Of all the lines below, return only those starting with the line holding "校党委副书记张培国在校党委学" and going on through the line holding "1) The section", exactly as written.

# RAW DATA
+-------+
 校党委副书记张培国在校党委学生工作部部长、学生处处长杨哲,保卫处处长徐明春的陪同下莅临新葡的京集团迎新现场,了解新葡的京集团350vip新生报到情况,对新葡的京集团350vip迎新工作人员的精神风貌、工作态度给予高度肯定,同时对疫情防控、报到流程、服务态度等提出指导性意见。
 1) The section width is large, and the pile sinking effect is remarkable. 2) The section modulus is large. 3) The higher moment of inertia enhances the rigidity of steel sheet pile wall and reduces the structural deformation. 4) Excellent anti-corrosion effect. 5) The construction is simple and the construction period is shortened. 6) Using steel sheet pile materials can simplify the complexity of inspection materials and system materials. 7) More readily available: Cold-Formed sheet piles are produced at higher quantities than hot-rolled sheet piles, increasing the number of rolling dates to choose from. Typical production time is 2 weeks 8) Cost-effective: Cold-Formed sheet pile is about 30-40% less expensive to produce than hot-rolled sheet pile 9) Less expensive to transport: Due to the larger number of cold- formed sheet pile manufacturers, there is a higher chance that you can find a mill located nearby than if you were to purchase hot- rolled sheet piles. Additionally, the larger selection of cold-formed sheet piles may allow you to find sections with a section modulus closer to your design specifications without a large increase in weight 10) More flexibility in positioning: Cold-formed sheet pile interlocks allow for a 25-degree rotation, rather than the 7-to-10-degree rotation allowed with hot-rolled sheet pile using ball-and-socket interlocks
+-------+
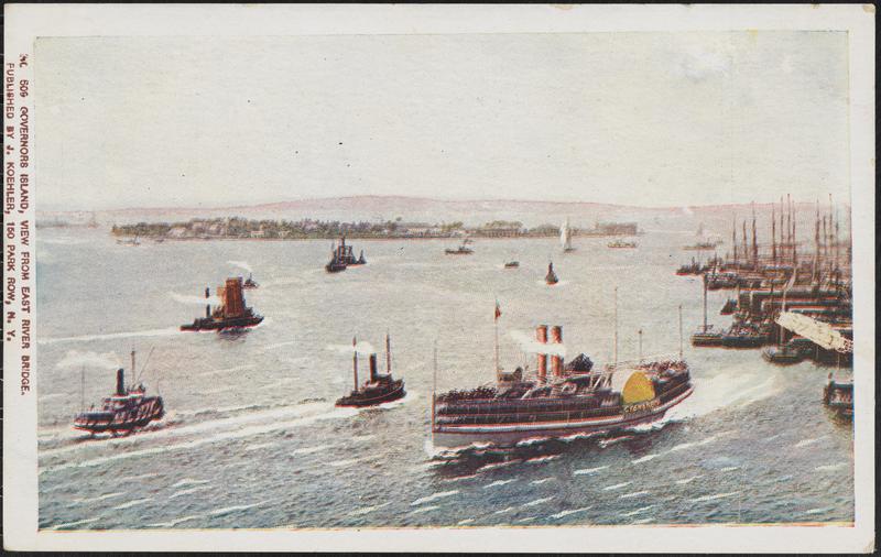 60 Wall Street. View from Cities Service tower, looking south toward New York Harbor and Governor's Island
+-------+
# YOUR SOLUTION
 校党委副书记张培国在校党委学生工作部部长、学生处处长杨哲,保卫处处长徐明春的陪同下莅临新葡的京集团迎新现场,了解新葡的京集团350vip新生报到情况,对新葡的京集团350vip迎新工作人员的精神风貌、工作态度给予高度肯定,同时对疫情防控、报到流程、服务态度等提出指导性意见。
 1) The section width is large, and the pile sinking effect is remarkable. 2) The section modulus is large. 3) The higher moment of inertia enhances the rigidity of steel sheet pile wall and reduces the structural deformation. 4) Excellent anti-corrosion effect. 5) The construction is simple and the construction period is shortened. 6) Using steel sheet pile materials can simplify the complexity of inspection materials and system materials. 7) More readily available: Cold-Formed sheet piles are produced at higher quantities than hot-rolled sheet piles, increasing the number of rolling dates to choose from. Typical production time is 2 weeks 8) Cost-effective: Cold-Formed sheet pile is about 30-40% less expensive to produce than hot-rolled sheet pile 9) Less expensive to transport: Due to the larger number of cold- formed sheet pile manufacturers, there is a higher chance that you can find a mill located nearby than if you were to purchase hot- rolled sheet piles. Additionally, the larger selection of cold-formed sheet piles may allow you to find sections with a section modulus closer to your design specifications without a large increase in weight 10) More flexibility in positioning: Cold-formed sheet pile interlocks allow for a 25-degree rotation, rather than the 7-to-10-degree rotation allowed with hot-rolled sheet pile using ball-and-socket interlocks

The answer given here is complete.